Symantec API set to boost virtual storage functions

A new application programming interface due to be released by Symantec next year could help users extend the functions of virtual tape libraries (VTLs).

A new application programming interface due to be released by Symantec next year could help users extend the functions of virtual tape libraries (VTLs).

VTL technology, which emulates tape storage using disc-based systems, is becoming increasingly popular among enterprises as data volumes increase. By backing up data to discs instead of tapes, VTL can speed up archive and recovery operations.

Stephanie Balaouras, senior analyst at Forrester Research, said a third of enterprises have already adopted a VTL, and the adoption of VTLs will increase by as much as 20% in five years.

"Historically, data was backed up to tape. But with data growing at double-digit rates each year, and back-up windows shrinking dramatically, enterprises are increasingly incorporating disc-based data protection into their back-up strategies.

"Today, a majority of enterprises are shifting to disc as the first line of protection thanks to VTLs and advanced technologies such as snapshots, which are now easier to manage," said Balaouras.

Symantec's Netbackup Openstorage API, which will be released as part of Netbackup 6.5, will expand the role of discs in the back-up process, said Jimmie Chang, principal research analyst at Gartner.

The API will add new capabilities to the VTL, such as media server load balancing and failover, and the ability to create tapes for off-site storage while accurately recording the location of all recovery sets in the back-up catalogue, said Chang.

Symantec said nine VTL technology suppliers will support the API, including Copan Systems, Data­Domain, Diligent Technologies, EMC, FalconStor Software, Network Appliance, Sepaton, Quantum and Sun Microsystems.

"Users have been aware for some time that disc-based back-up solutions can offer better back-up and recovery performance than traditional tape technologies. VTL technology has been increasing its market share within the physical tape market," said Chang.

He added that a VTL's approach of treating disc as tape generally makes it easier to migrate from traditional tape devices to a disc-based approach.

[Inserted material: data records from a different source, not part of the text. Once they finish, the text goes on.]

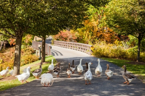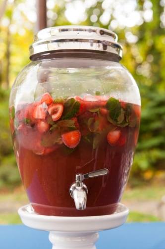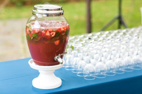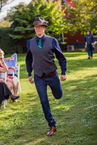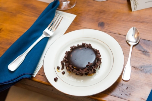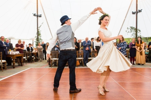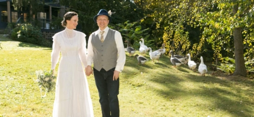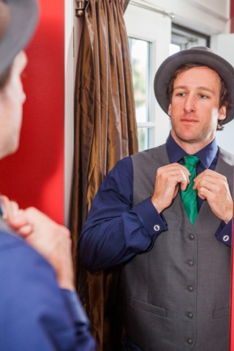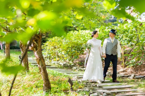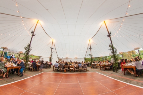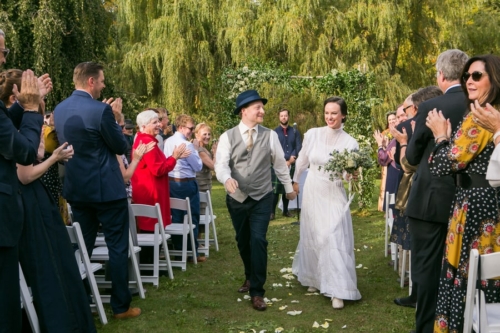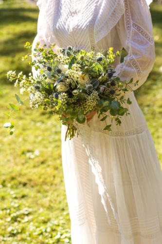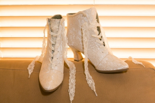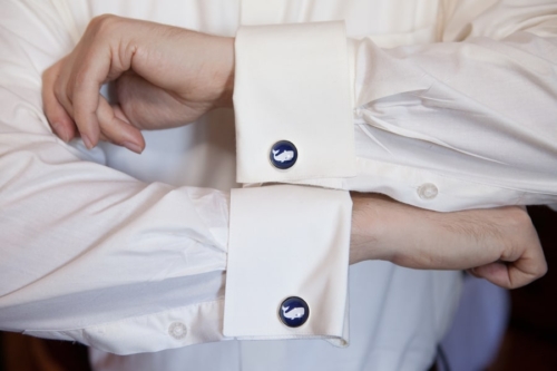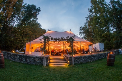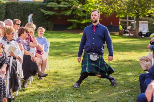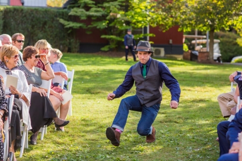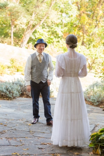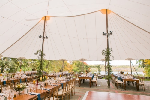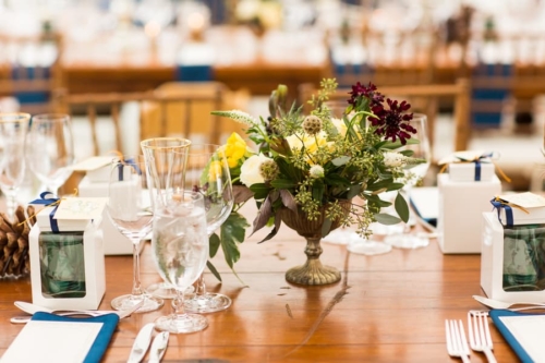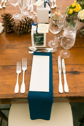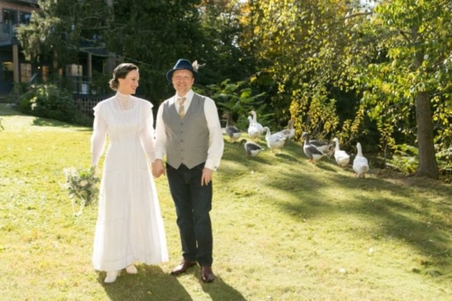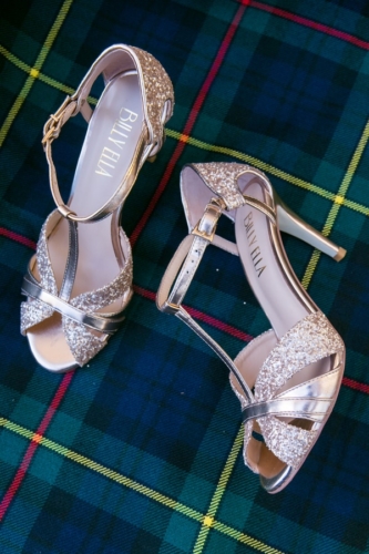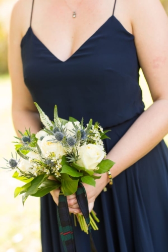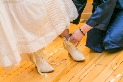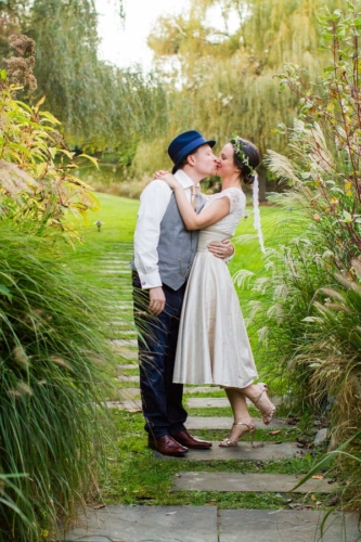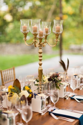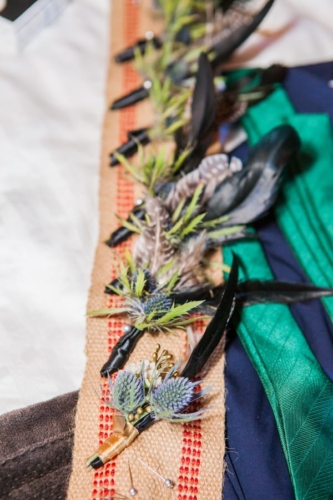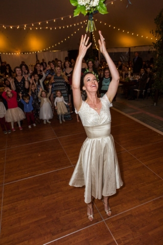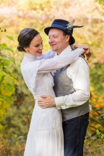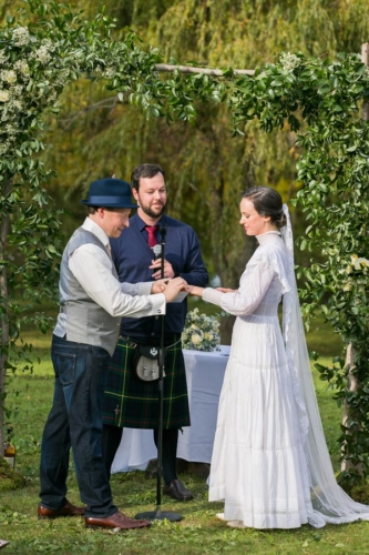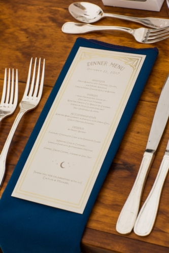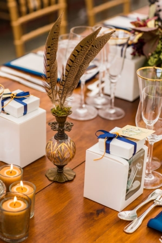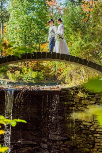 From the couple: “We call our palette Highland Autumn: based on deep blue and emerald green, with accents of gold, burgundy, toasted brown, creamy yellow, and MacEwan tartan representing the bride’s Scottish roots. “The groom’s Italian heritage is expressed by the men’s snappy fedoras. From our motif of playful dancing dragons to the elegant Victorian vessels overflowing with flowers, our aim is to draw together eclectic elements reflecting different aspects of our backgrounds and personalities. “A touch of Jazz Age swoop and sparkle livens up the decor, while wine barrels and farm tables lend rustic warmth. The unifying themes are a retro sensibility and rich fall colors.” From the photographer: “Caitlin & Mike were married on a beautiful weekend in October at the fabulous farm-to-table venue Buttermilk Falls Inn up in the Hudson Valley, just a short drive from NYC. I was so so excited to see what they had in store for us as I knew from talking with them about their plans that this wedding would be super unique and full of fun surprises. “I started the day with Caitlin’s getting ready with her bridesmaids in one of the Inn’s sweet houses. Her wedding dress was, amazingly, an antique lace gown that her mother had bought for her as a young teenager because it was such a perfect fit on her long torso. “She had planned to wear it at her wedding ever since, and seeing that it (incredibly!) still fits her, she did just that! The vintage look informed much of the wedding, and Mike and his groomsmen sported hats for the occasion, and festooned them with flowers and feathers. “Caitlin’s brother officiated the ceremony and took the opportunity to wear a formal kilt, which looked great, and he got everyone laughing– this guy could go pro! “Speaking of their ceremony, I was tickled to see the men take their processional to the next level by performing silly walks down the aisle, something that was inspired by Monty Python. “After exchanging personal vows they wrote themselves, Caitlin and Mike exchanged a pair of very unique rings and sealed their union with a kiss. “Guests were led across the beautiful grounds to a tented cocktail hour featuring the most impressive cheese collection I’ve seen at a wedding. Cheese, chocolate and wine are a passion this couple wanted to share with everyone at their wedding, so dessert was an incredible chocolate creation instead of the standard cake-slice, and I can only imagine the wine served was impeccably paired with dinner! “Highlights of the evening included an epic spontaneous dance off featuring our kilted officiant, Caitlin’s mom’s toast, which started with a bit of brilliant prop humor, and a dance floor full of the most adorable families with small children ever. “I had so much fun capturing this tremendous wedding! Congratulations to Caitlin & Mike!”Gallery
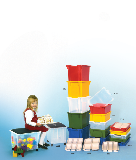 Gratnell Bins 6 Section Insert These award-winning bins are built and designed to withstand heavy-duty classroom use. Add divided inserts and clip-on lids to bins for specific sorted storage. Bins come in red, blue, yellow, green, and clear.
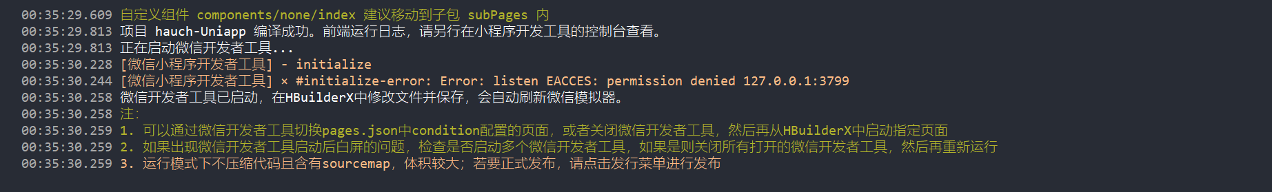 运行到微信小程序,无法自动开启微信开发者工具,提示:initialize-error: Error: listen EACCES: permission denied 127.0.0.1:3799,无法自动开启微信开发者工具,hbuilder已配置微信开发工具路径,微信开发工具已配置,并已开启服务端口
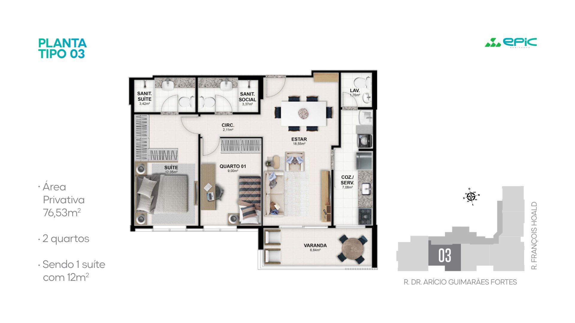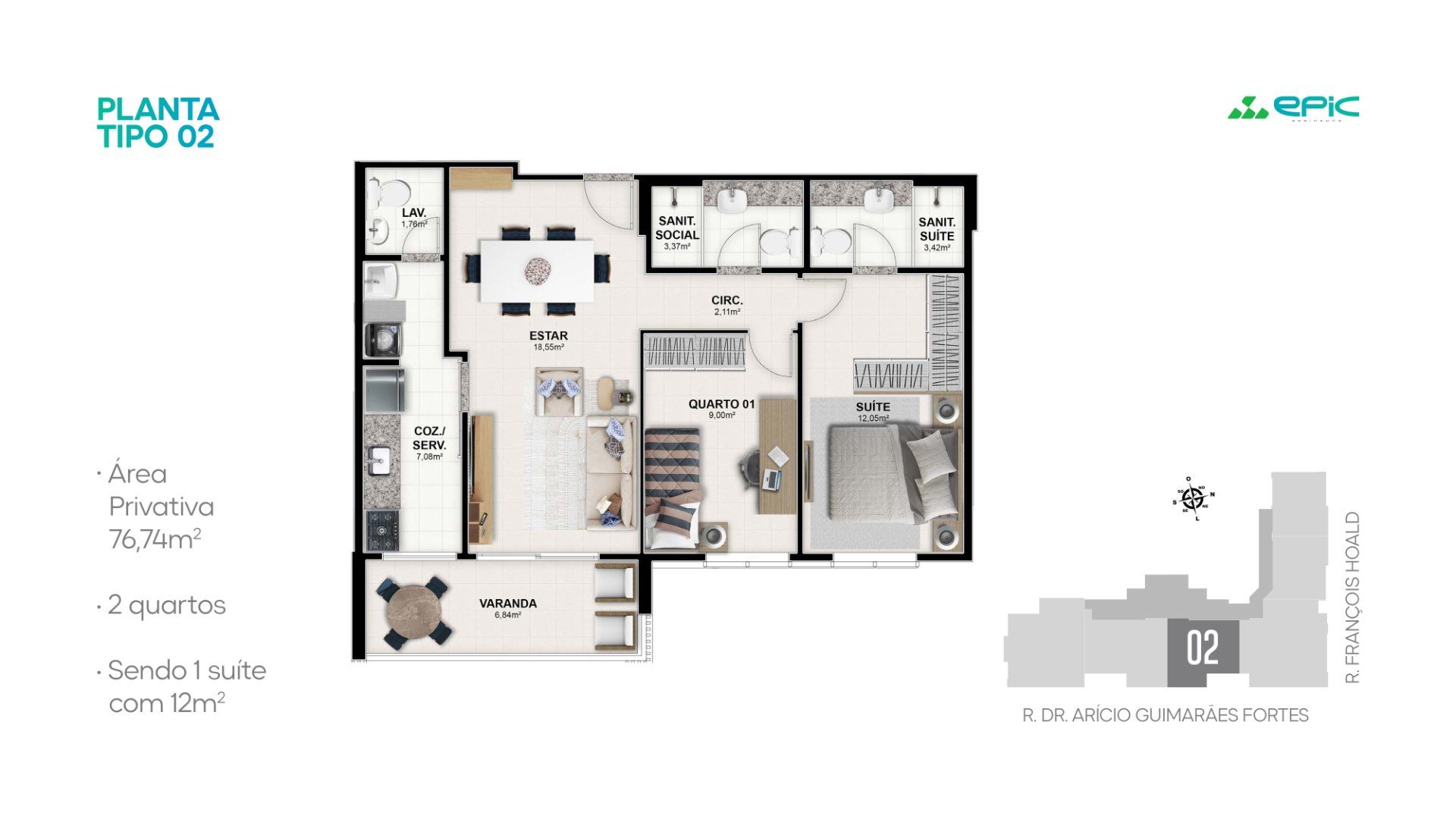 • 2 quartos com 76 m²
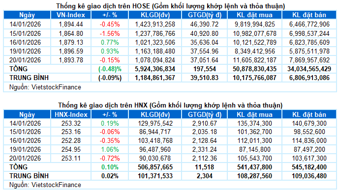 - Các chỉ số chính quay lại giảm điểm trong phiên giao dịch ngày 20/01. VN-Index giảm nhẹ 2.81 điểm (-0.15%), dừng tại 1,893.78 điểm. HNX-Index cũng mất 1.84 điểm (-0.72%), về mức 253.11 điểm.
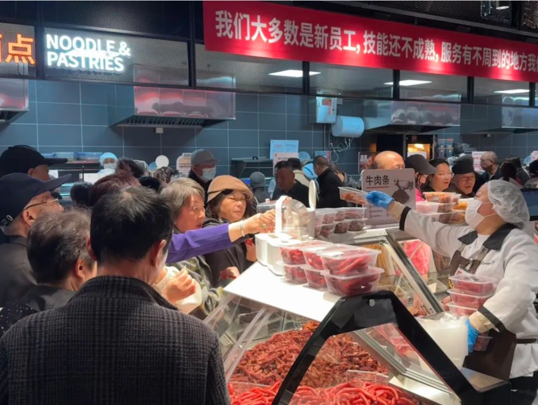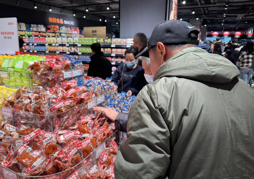 记者注意到,顾客们被细节打动。调味品区增设放大镜方便老年客群,散装糖果标注“每斤约30颗”解决选择焦虑,果切盒按甜度标注食用顺序,海鲜柜台提供清洗、打氧服务,肉禽柜台免费提供切丝、绞肉等服务。店内还设置了试穿拖鞋的专用鞋套、剖鱼间、易碎品打包处以及海鲜打包加冰处……体验了一圈下来,90后顾客张先生不禁感慨:“这些细节很贴心,尤其是设置了宠物柜,让不少带着宠物的主人有地方寄存,这样他们的购物体验也更安心。”
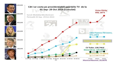 Prezidențiabilii s-au bucurat de spații generoase de emisie oferite de televiziuni, dar acum vine și nota de plată. Klaus Iohannis, Monica Macovei, Victor Ponta, Călin Popescu Tăriceanu şi Elena Udrea, urmaţi apoi, pe măsura înscrierii în cursă, de Teodor Meleşcanu, Dan Diaconescu, Corneliu Vadim Tudor au fost urmăriţi în apariţiile lor live (fie în emisiuni, fie în conferinţe de presă, fie în intervenţii telefonice) de serviciul Mediafax Monitorizare, iar rezultatul a fost tradus în bani, potrivit tarifelor declarate la CNA de televiziuni în campania pentru europarlamentare.
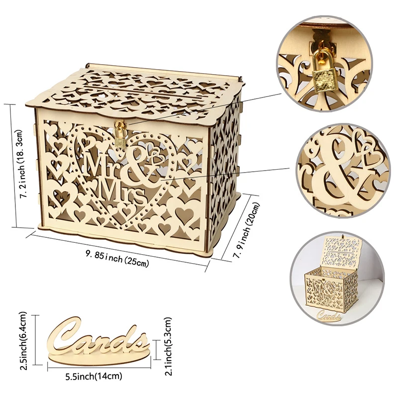 Уникальная Коробка для свадебной открытки с замком станет отличным дополнением к вашему свадебному украшению.
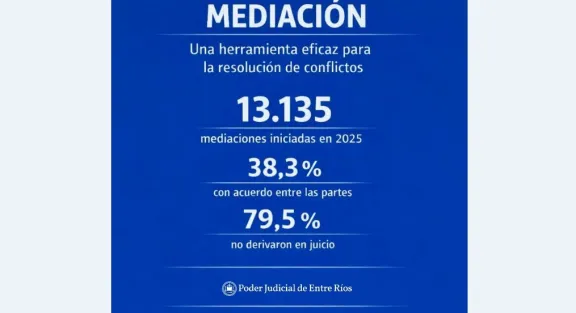 Este año se iniciaron 13.315 mediaciones para la resolución de conflictos En cuanto a los resultados de los procedimientos mediatorios, las estadísticas reflejan que: - El 38,3% de las mediaciones concluyeron con acuerdo entre las partes. - El 33,2% finalizaron sin acuerdo. - El 21,4% concluyeron por incomparecencia injustificada de alguna de las partes. - El 4,3% finalizaron por desistimiento. Estos indicadores evidencian que una proporción significativa de los conflictos sometidos a mediación encuentra una solución consensuada, mientras que, aún en los casos en que no se arriba a un acuerdo, el proceso mediatorio cumple un rol relevante en la gestión del conflicto. Bajo nivel de judicialización posterior Un dato particularmente relevante es que solo el 20,5% de las mediaciones iniciadas durante 2025 derivaron posteriormente en la iniciación de un proceso judicial, lo que confirma el impacto positivo de la mediación como mecanismo preventivo de la litigiosidad. Del total de procedimientos: - El 15,7% derivaron en juicios iniciados en el fuero de Familia. - El 4,8% derivaron en juicios iniciados en el fuero Civil y Comercial. El 79,5% de los casos no generaron la apertura de un expediente judicial, permitiendo a las partes resolver o encauzar el conflicto sin necesidad de recurrir a los tribunales. Alcance territorial y recursos humanos Durante el año 2025, el CMARC coordinó la actividad mediatoria en las 18 jurisdicciones judiciales de la provincia, contando con un registro de 681 mediadores y mediadoras matriculados y habilitados, distribuidos estratégicamente en todo el territorio entrerriano. Un aporte concreto al acceso a la justicia La mediación, como mecanismo alternativo de resolución de conflictos, ofrece múltiples beneficios para la ciudadanía: constituye una vía más rápida, económica y participativa, reduciendo los costos emocionales y materiales asociados a los procesos judiciales prolongados. Para el Poder Judicial, representa además una herramienta clave para optimizar el servicio de justicia, permitiendo que los órganos jurisdiccionales concentren su intervención en aquellos casos que requieren una decisión judicial directa. El trabajo desarrollado durante 2025 reafirma el compromiso del Superior Tribunal de Justicia de Entre Ríos con el fortalecimiento de políticas públicas orientadas al acceso efectivo a la justicia, la pacificación social y la resolución colaborativa de los conflictos. (APFDigital)
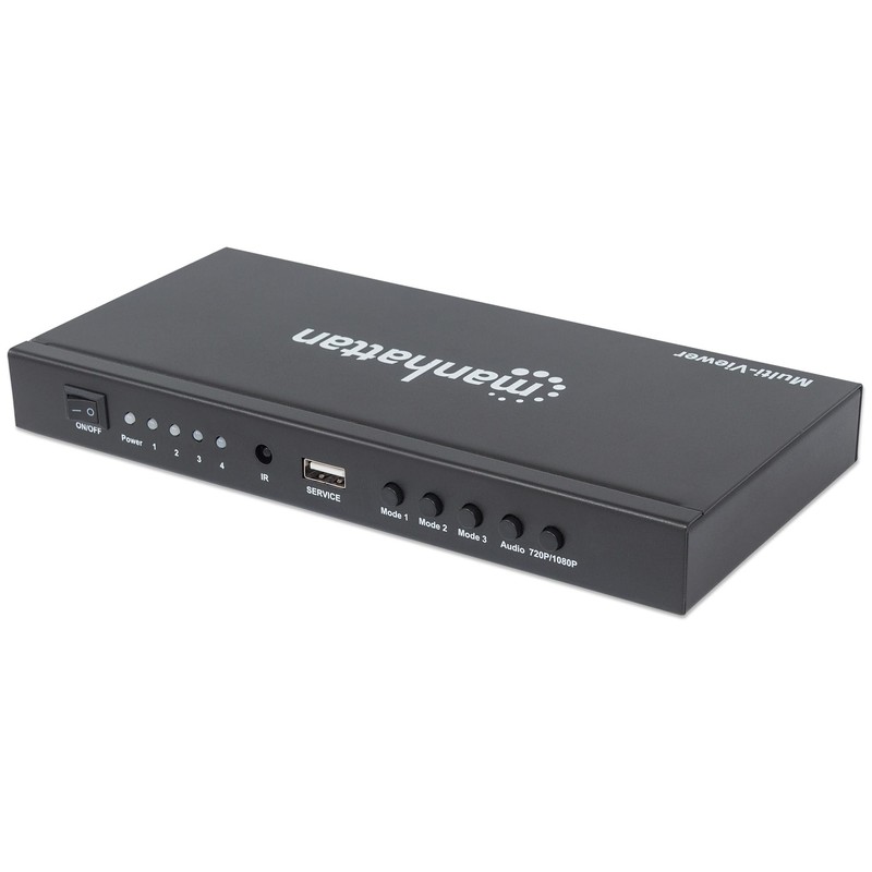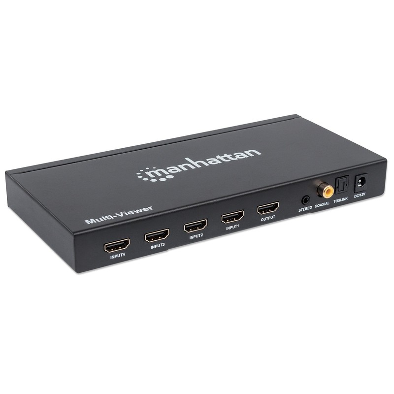 Manhattan 207881 1080p 4-Port HDMI Multiviewer Switch, Switch with Four Inputs on One Display, Video Bandwidth Amplifier, IR Remote Control, Black
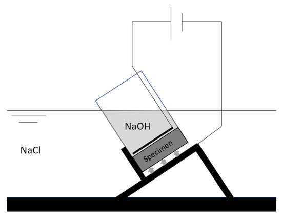 The test was performed according to NT Build 492 [36]. Specimens are exposed to a vacuum for 4 h. One hour before ending the vacuum, a saturated Ca(OH)2 solution is added to submerge the specimens. Twenty-four hours after the vacuum exposure started, the specimens are placed in the setup to test the chloride ingress, as shown in Figure 7. The water level of the NaOH (0.3 M) and the NaCl-solution (10%) is equal, so no additional liquid pressure is present during testing. A voltage is applied over the specimens based on the initial current in the system. After 24 h, the specimens are taken out of the setup and split. By spraying silver nitrate (0.1 M) on the surface, the ingress of chlorides can be measured in 7 different places on each side. Based on equation 5 of NT Build 492 [36], the chloride migration coefficient is determined.

But Chang warned users that this approach had some disadvantages.

"For example, VTL's arbitrary 'virtual tape cartridges' on disc can be owned by only one media server and perform only one read/write operation at a time," said Chang.

"Pre-allocation of space within virtual cartridges means disc capacity is wasted if the disc is not filled up."

In addition, VTL users who want to make a copy of a physical tape for off-site archiving must do so through separate VTL management tools. This can complicate the management process.